#### [Task goal]
In the entries below, find the line with "Red 'New Jolie'" and the line with "Pavos reales vintage". Reproduce those two lines and every line between them exactly, and nothing more.

#### [Provided data]

►

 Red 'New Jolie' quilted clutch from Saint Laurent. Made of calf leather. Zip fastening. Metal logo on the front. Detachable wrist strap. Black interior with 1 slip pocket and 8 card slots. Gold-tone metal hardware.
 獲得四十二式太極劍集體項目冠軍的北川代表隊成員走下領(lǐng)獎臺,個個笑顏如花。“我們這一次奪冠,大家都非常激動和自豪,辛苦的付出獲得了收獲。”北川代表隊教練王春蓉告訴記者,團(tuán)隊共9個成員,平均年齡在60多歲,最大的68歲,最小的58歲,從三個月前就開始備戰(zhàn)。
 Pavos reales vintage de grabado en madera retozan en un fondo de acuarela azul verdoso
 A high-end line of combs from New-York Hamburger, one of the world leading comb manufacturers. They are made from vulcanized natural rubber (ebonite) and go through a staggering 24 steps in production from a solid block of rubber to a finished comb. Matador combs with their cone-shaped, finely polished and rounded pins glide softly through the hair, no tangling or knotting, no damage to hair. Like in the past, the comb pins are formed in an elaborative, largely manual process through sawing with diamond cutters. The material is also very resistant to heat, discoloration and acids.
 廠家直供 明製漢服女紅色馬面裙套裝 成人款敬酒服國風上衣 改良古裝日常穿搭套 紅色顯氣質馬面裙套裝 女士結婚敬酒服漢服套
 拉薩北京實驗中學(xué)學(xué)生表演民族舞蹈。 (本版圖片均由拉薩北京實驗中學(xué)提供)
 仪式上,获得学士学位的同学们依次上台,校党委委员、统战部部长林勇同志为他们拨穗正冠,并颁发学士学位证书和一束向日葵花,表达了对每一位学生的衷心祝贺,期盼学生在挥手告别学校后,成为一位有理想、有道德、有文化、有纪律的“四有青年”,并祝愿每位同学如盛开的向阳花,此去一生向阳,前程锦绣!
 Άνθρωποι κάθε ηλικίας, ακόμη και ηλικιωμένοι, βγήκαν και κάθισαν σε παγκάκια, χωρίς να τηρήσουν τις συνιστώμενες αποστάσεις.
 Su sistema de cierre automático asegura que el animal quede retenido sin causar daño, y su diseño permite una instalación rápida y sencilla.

◄
►

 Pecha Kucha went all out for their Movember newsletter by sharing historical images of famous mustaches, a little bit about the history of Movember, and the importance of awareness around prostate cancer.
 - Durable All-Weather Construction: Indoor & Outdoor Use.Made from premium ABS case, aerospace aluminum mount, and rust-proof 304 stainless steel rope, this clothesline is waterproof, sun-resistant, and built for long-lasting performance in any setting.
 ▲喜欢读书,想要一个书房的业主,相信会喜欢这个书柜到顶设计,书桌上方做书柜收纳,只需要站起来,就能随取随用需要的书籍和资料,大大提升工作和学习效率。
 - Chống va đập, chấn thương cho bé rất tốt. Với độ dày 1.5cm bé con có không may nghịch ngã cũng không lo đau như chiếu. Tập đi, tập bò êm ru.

◄
►

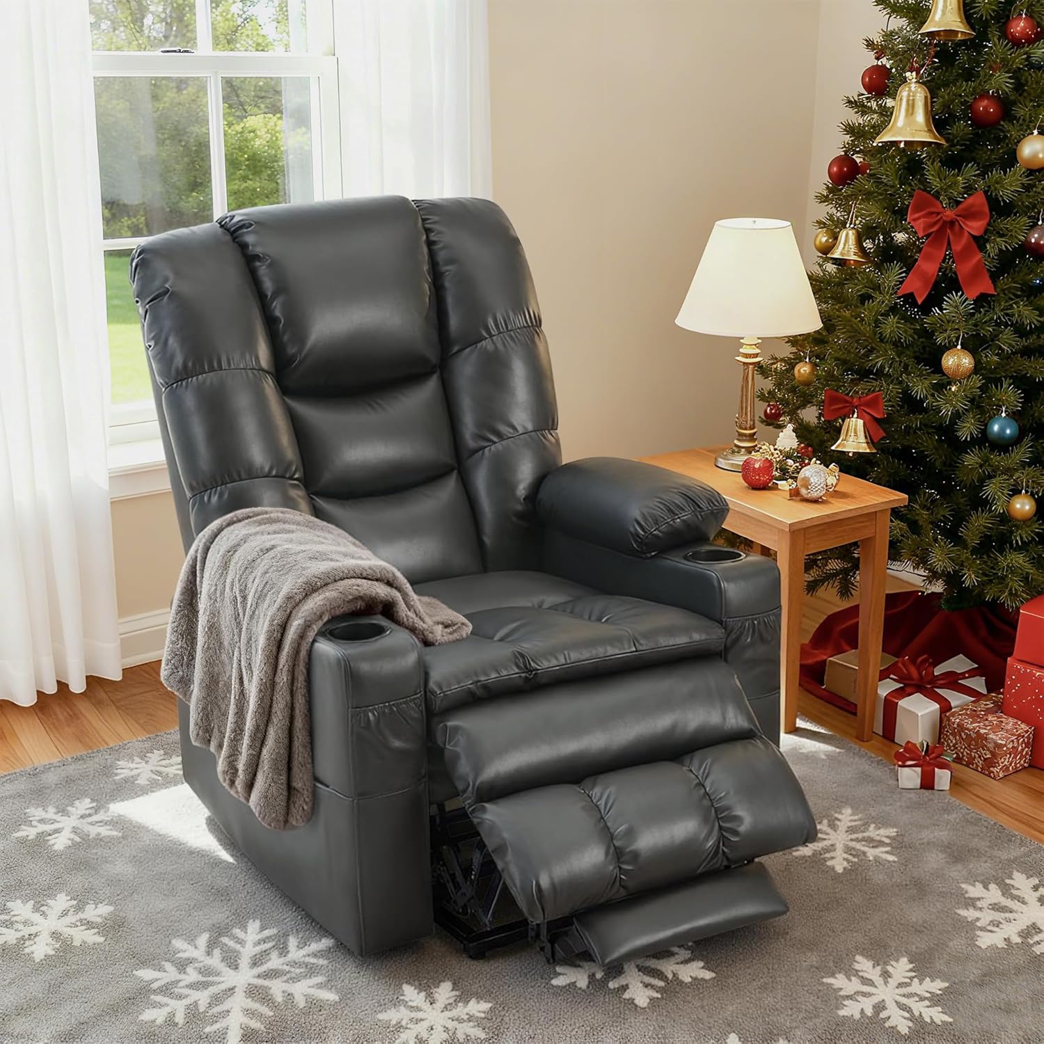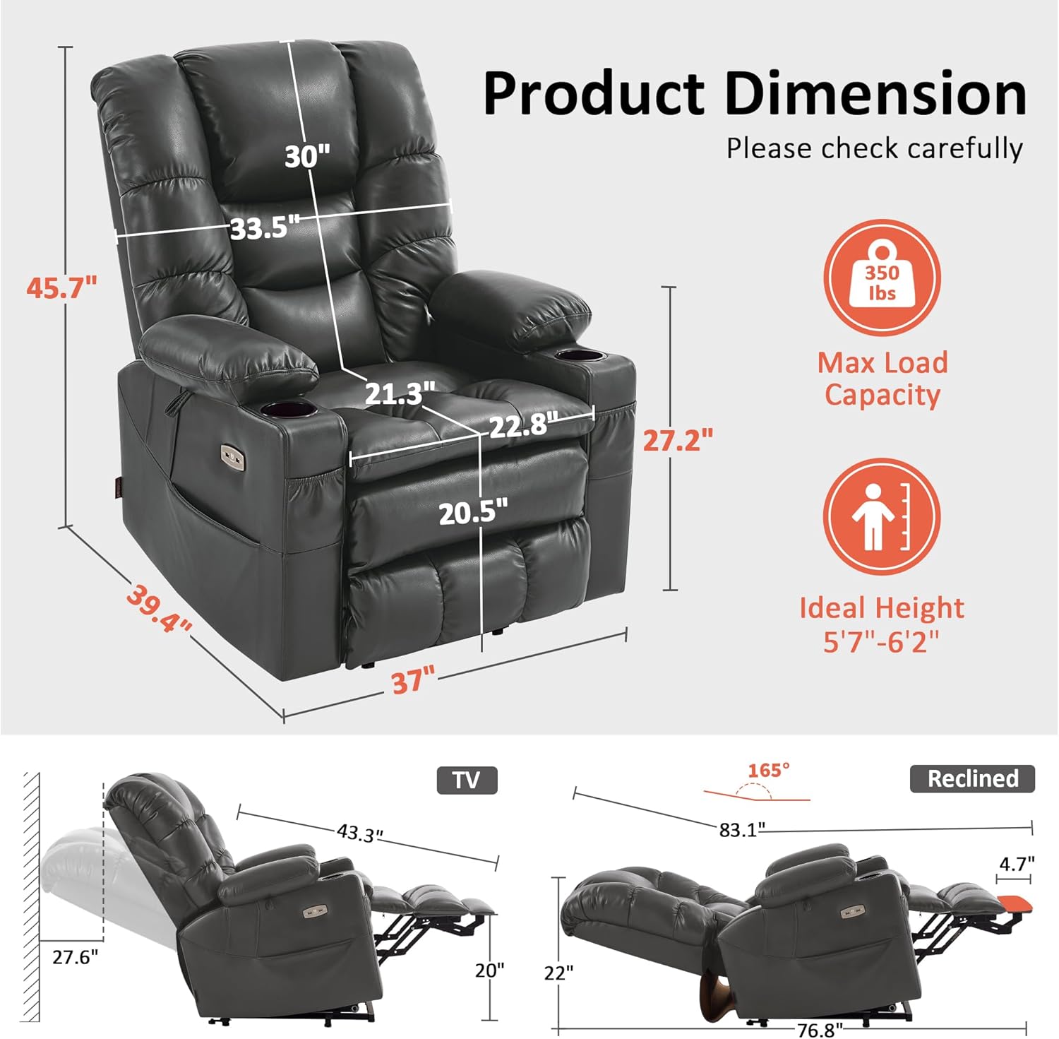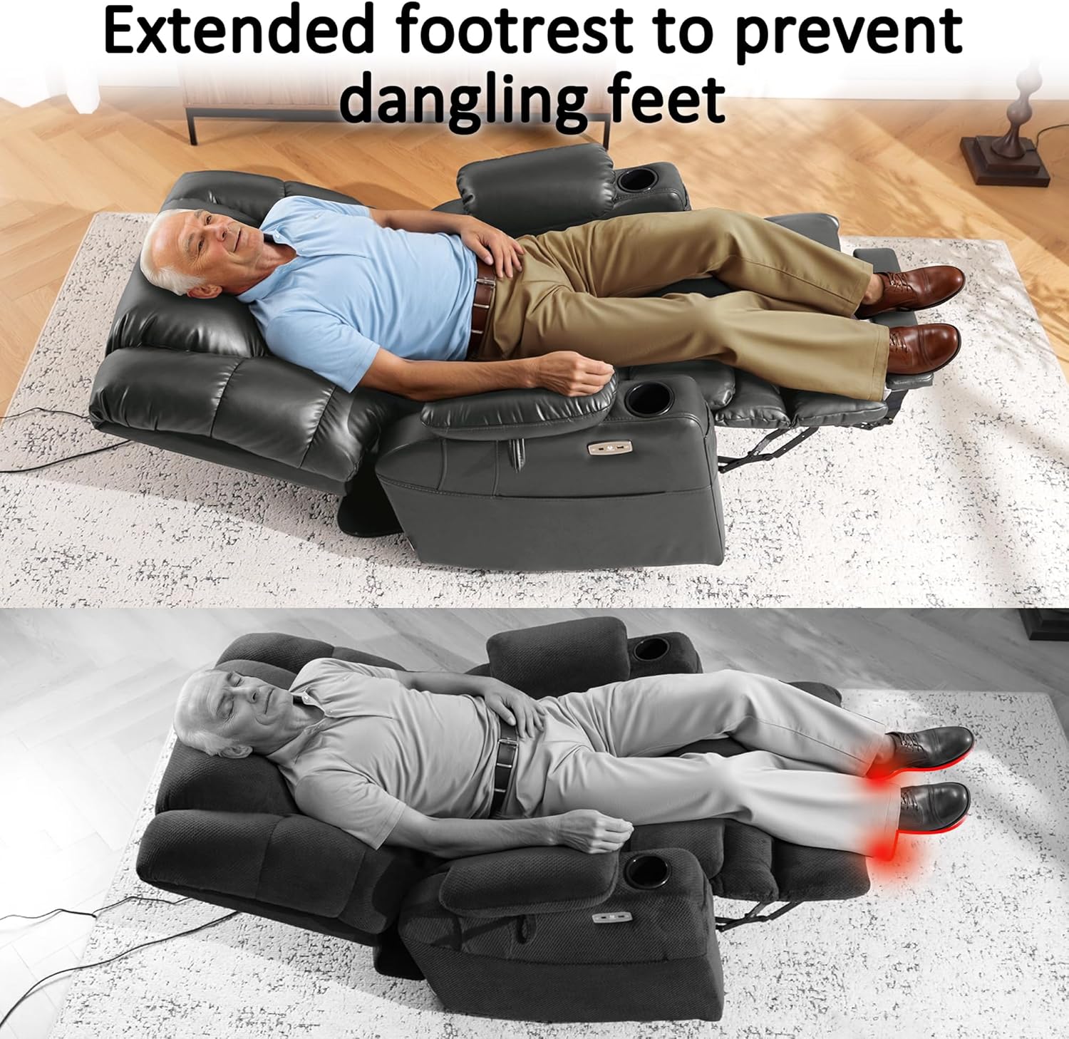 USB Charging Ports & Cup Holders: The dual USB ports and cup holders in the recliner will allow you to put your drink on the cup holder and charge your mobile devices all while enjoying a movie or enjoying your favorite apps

◄

#### [Task response]
 Red 'New Jolie' quilted clutch from Saint Laurent. Made of calf leather. Zip fastening. Metal logo on the front. Detachable wrist strap. Black interior with 1 slip pocket and 8 card slots. Gold-tone metal hardware.
 獲得四十二式太極劍集體項目冠軍的北川代表隊成員走下領(lǐng)獎臺,個個笑顏如花。“我們這一次奪冠,大家都非常激動和自豪,辛苦的付出獲得了收獲。”北川代表隊教練王春蓉告訴記者,團(tuán)隊共9個成員,平均年齡在60多歲,最大的68歲,最小的58歲,從三個月前就開始備戰(zhàn)。
 Pavos reales vintage de grabado en madera retozan en un fondo de acuarela azul verdoso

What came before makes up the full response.